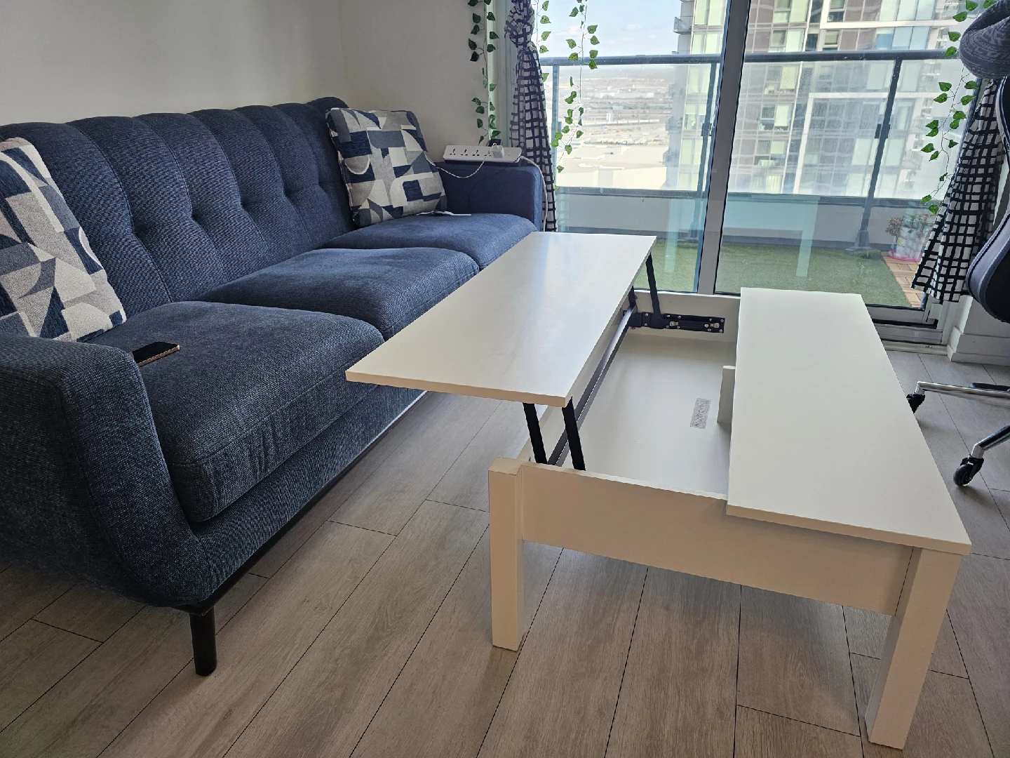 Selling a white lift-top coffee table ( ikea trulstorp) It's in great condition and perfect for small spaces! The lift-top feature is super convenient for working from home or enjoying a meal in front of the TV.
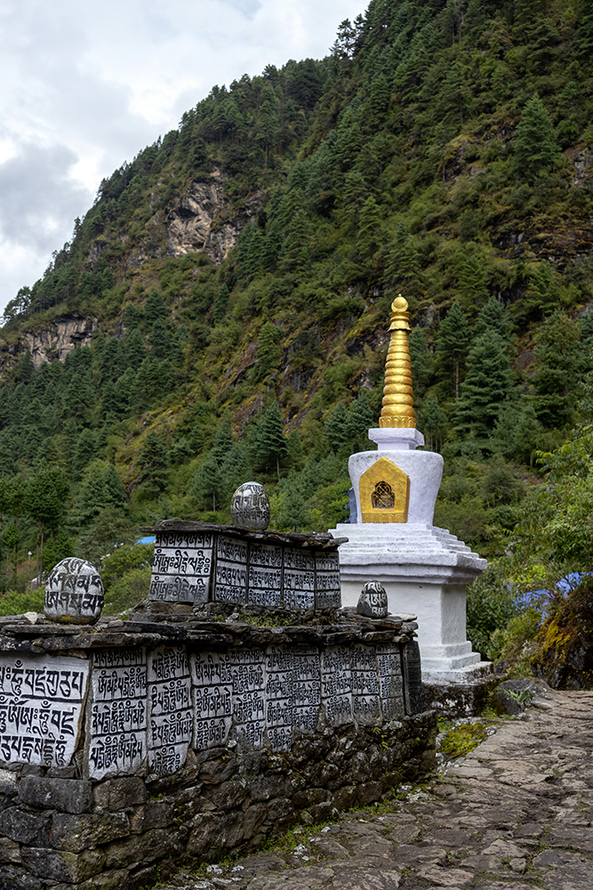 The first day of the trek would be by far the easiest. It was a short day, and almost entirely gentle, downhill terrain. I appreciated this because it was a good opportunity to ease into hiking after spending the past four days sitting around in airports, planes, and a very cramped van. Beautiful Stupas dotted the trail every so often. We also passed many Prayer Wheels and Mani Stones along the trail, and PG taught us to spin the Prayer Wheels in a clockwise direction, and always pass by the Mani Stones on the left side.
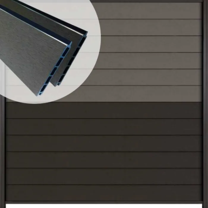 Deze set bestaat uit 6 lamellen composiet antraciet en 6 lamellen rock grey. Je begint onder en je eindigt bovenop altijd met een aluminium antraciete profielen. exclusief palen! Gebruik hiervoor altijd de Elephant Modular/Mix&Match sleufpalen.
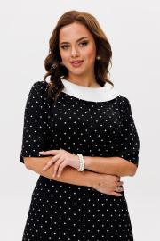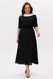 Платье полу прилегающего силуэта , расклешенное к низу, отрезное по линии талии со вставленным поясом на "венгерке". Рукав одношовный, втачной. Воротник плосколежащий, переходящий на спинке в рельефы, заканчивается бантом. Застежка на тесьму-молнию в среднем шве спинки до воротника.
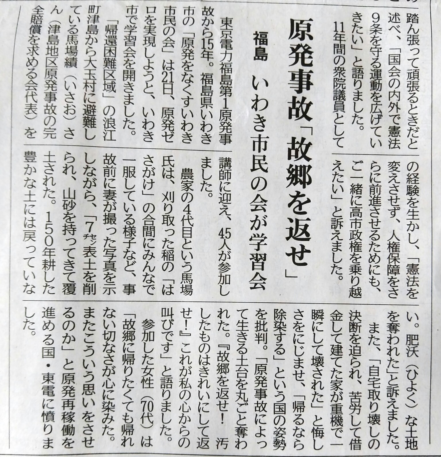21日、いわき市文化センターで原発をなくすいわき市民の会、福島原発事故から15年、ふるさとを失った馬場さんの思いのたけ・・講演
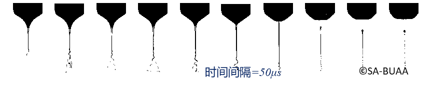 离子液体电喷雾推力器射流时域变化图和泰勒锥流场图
...
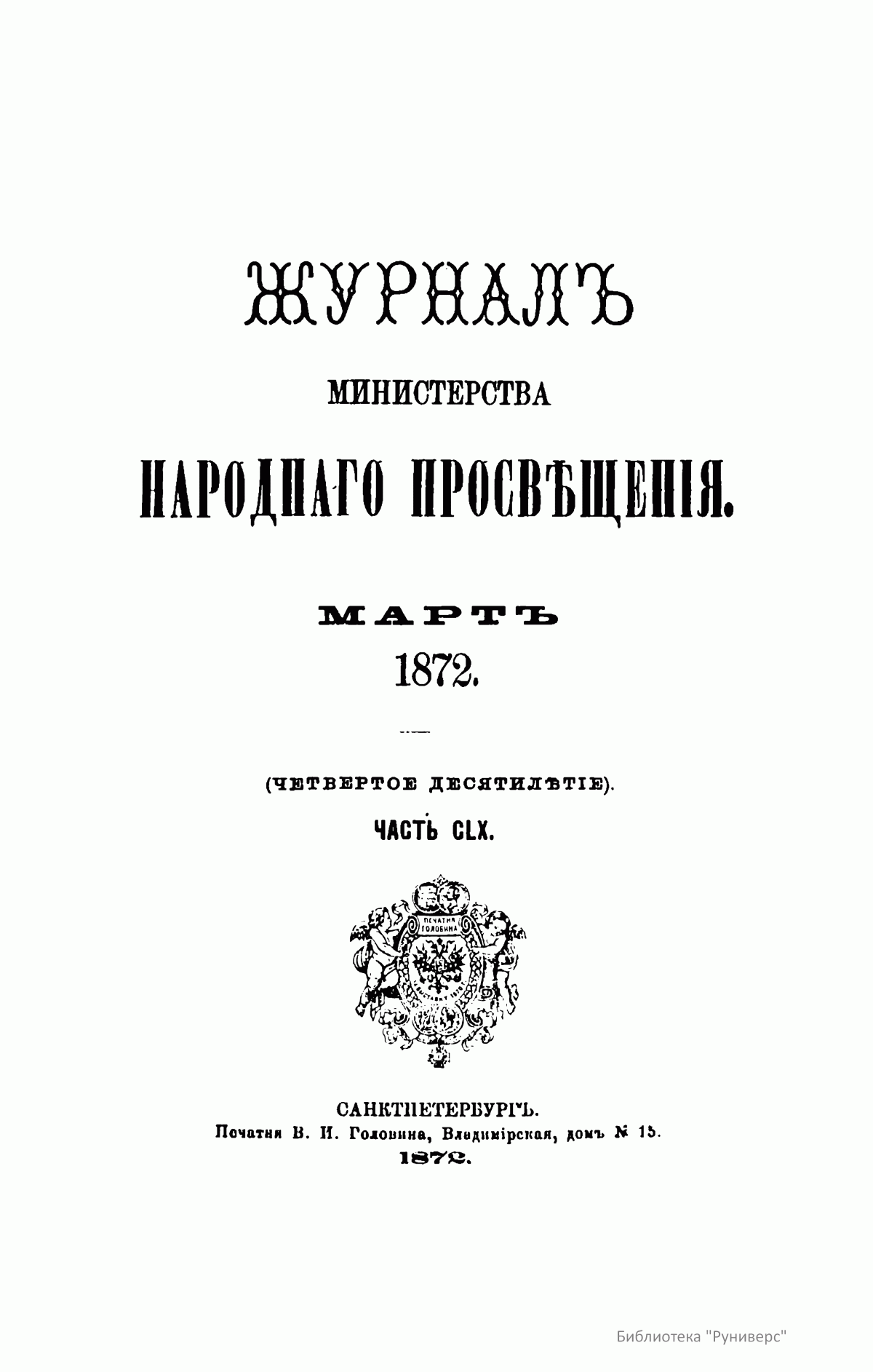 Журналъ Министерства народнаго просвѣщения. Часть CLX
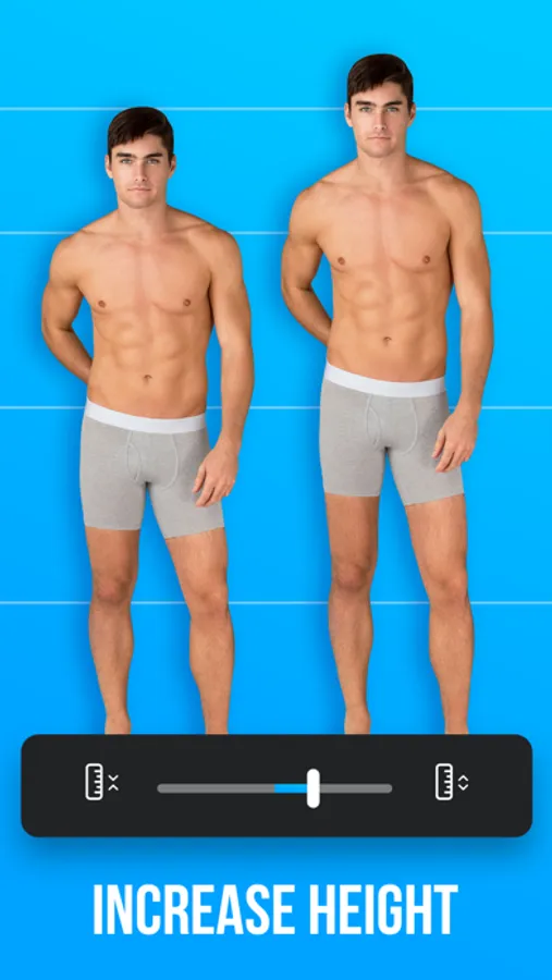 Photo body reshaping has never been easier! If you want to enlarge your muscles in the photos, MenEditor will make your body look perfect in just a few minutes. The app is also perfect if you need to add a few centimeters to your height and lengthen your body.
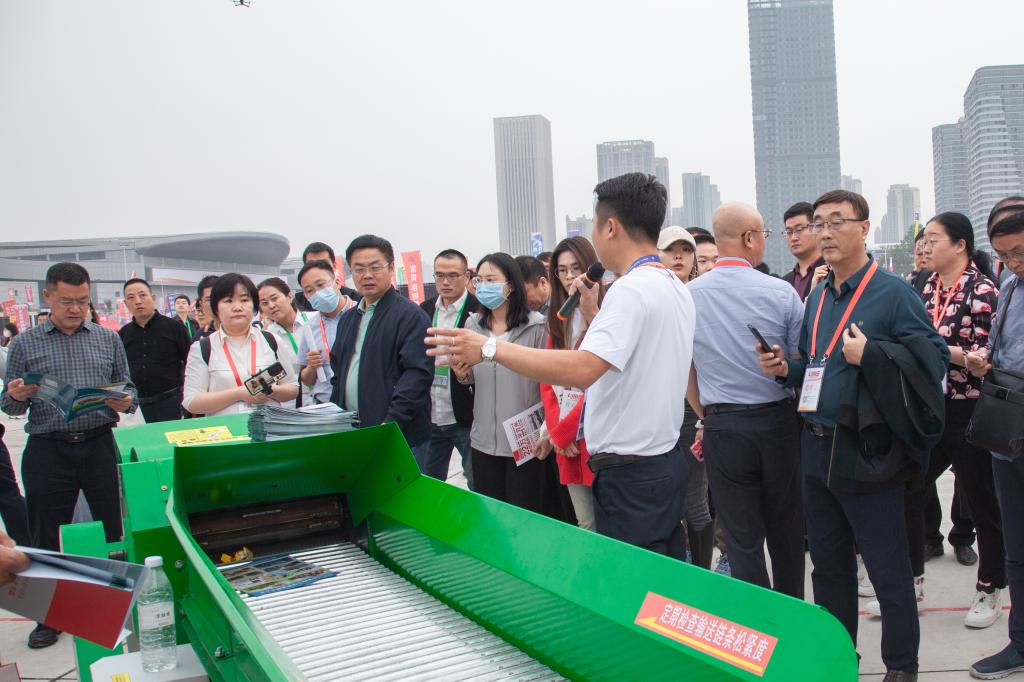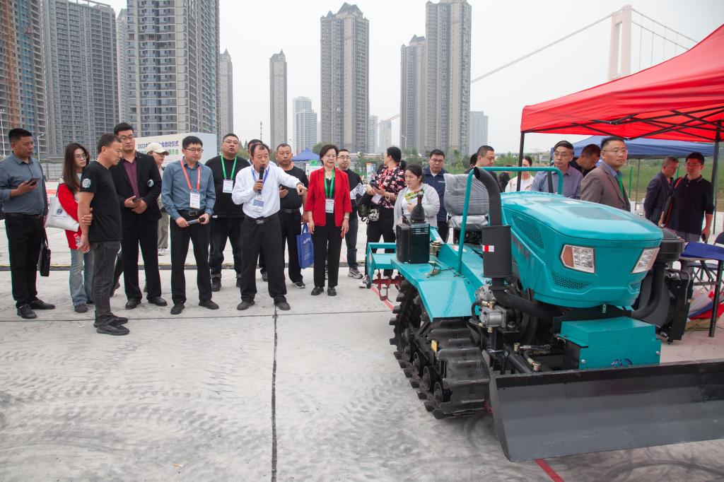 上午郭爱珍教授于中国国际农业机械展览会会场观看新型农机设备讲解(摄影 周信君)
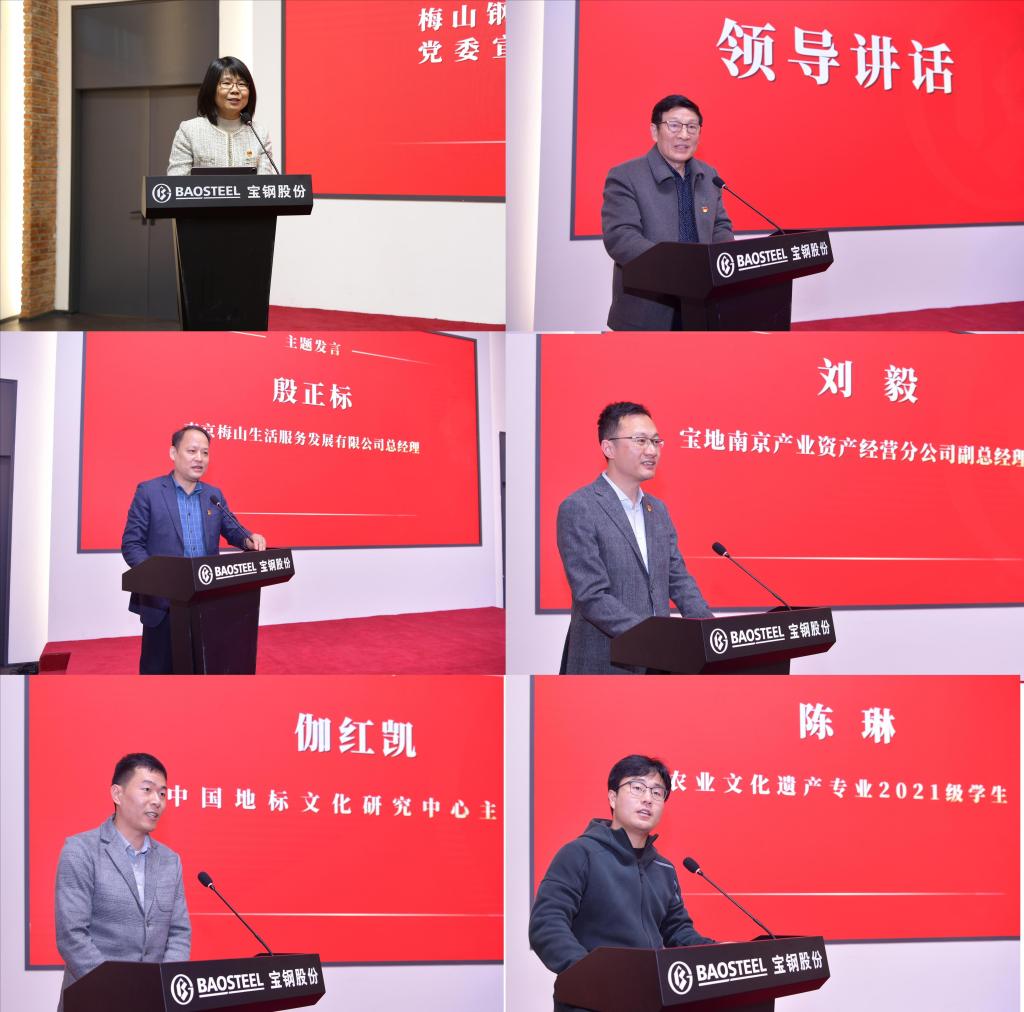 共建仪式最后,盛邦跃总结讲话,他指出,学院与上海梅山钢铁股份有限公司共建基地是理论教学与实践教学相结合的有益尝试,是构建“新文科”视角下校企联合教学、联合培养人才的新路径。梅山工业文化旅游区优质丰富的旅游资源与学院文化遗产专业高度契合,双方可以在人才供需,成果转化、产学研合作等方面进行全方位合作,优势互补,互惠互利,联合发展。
---
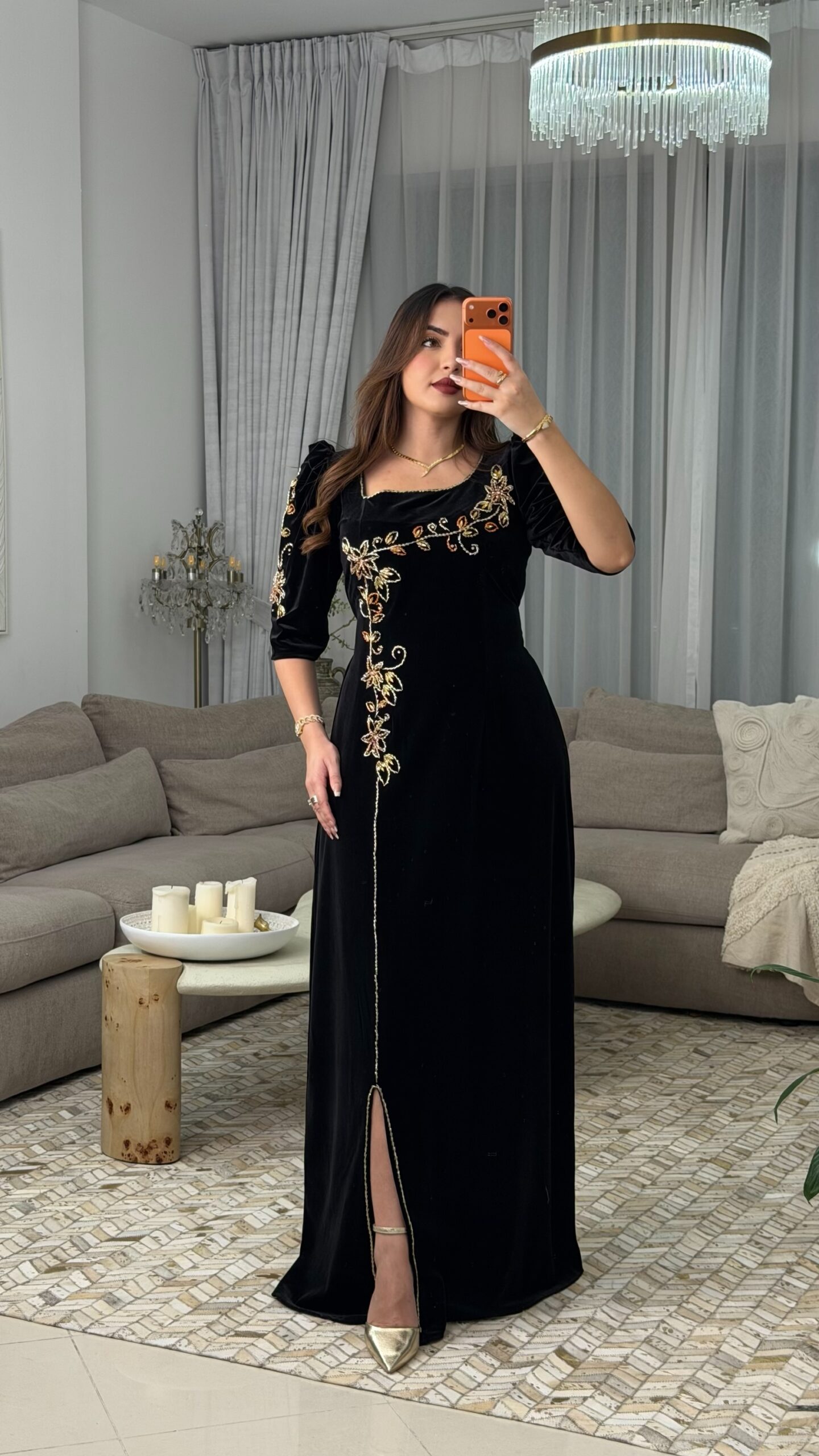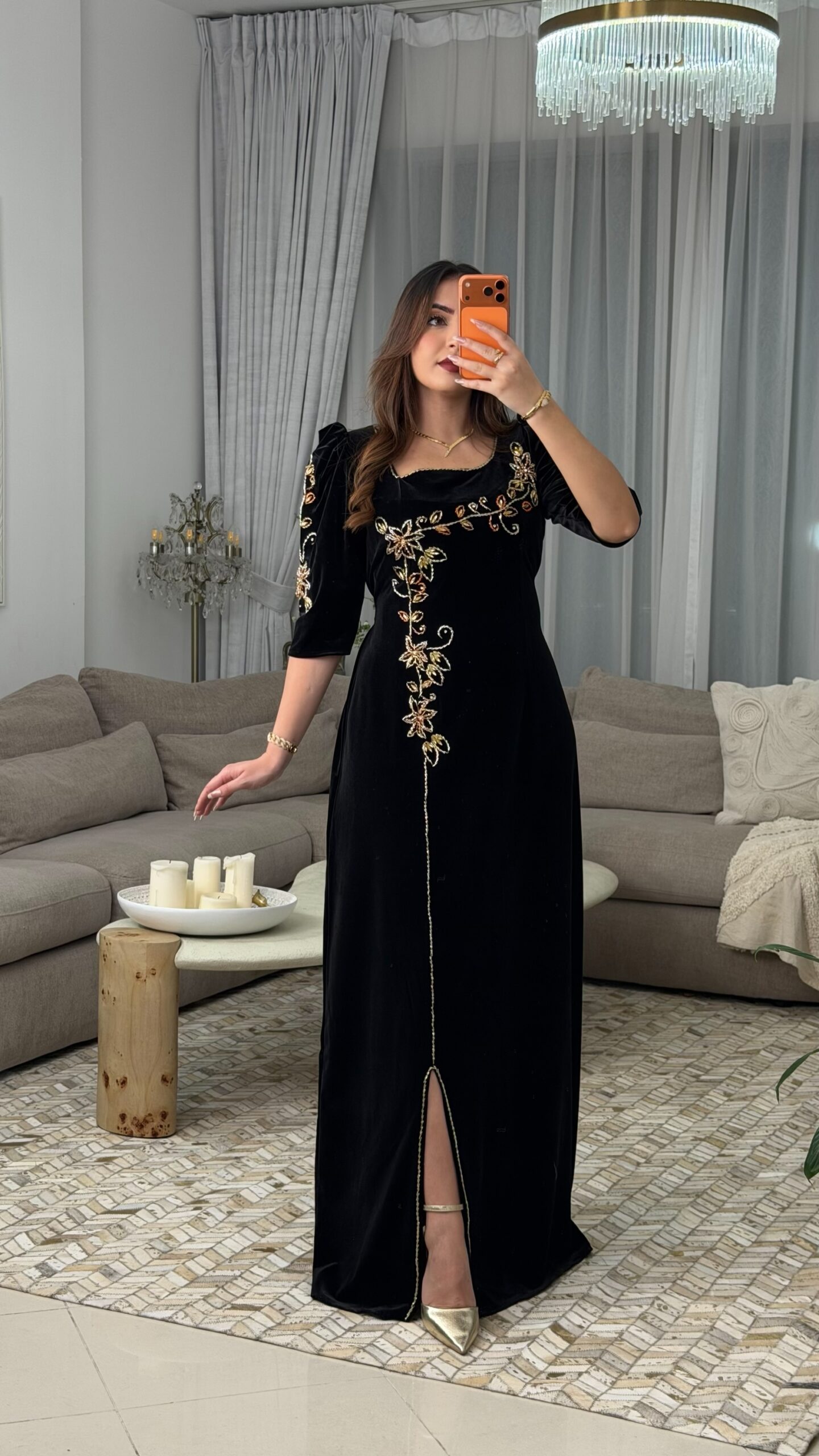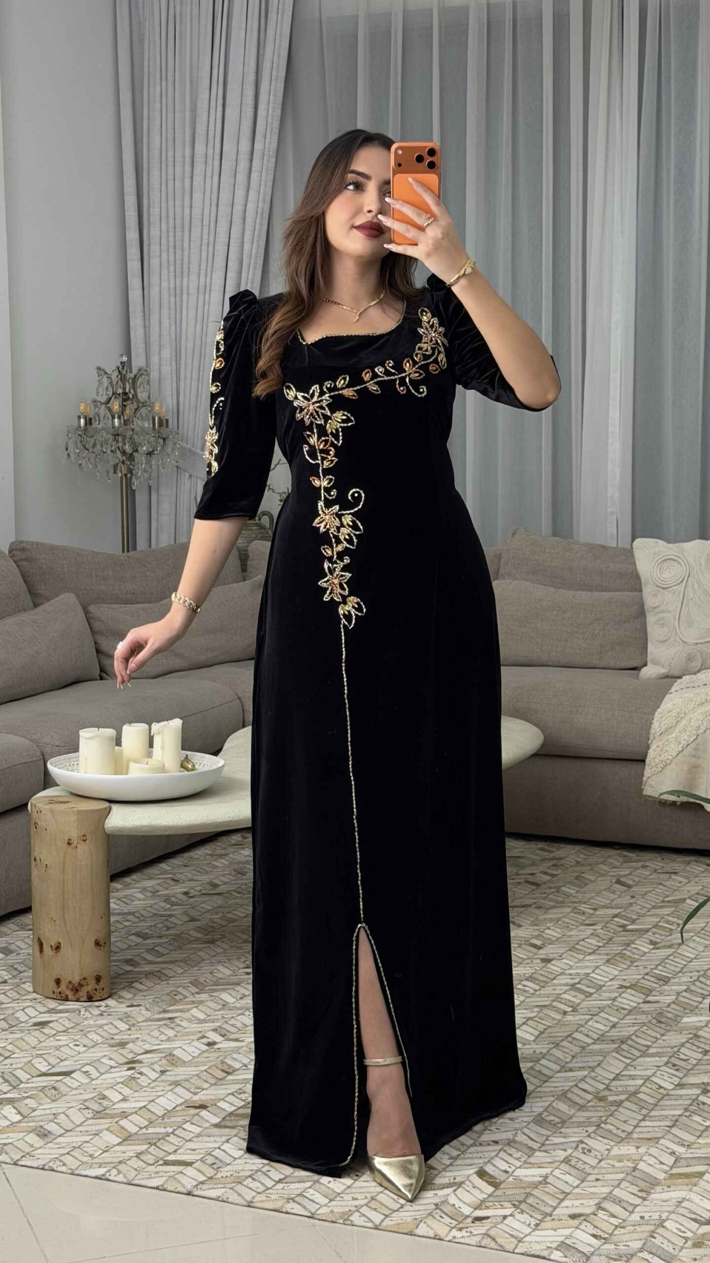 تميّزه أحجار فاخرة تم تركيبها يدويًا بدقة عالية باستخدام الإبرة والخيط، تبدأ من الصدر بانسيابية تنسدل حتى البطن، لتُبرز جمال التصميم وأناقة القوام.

Prompt: Only the lines above from the one containing "Photo body reshaping" through the one containing "上午郭爱珍教授于中国国际农业机械展览会会场观看新型农机设备讲解(摄影 周信君)" should be returned, verbatim and inclusive, with pictures excluded.

Completed task:
 Photo body reshaping has never been easier! If you want to enlarge your muscles in the photos, MenEditor will make your body look perfect in just a few minutes. The app is also perfect if you need to add a few centimeters to your height and lengthen your body.
 上午郭爱珍教授于中国国际农业机械展览会会场观看新型农机设备讲解(摄影 周信君)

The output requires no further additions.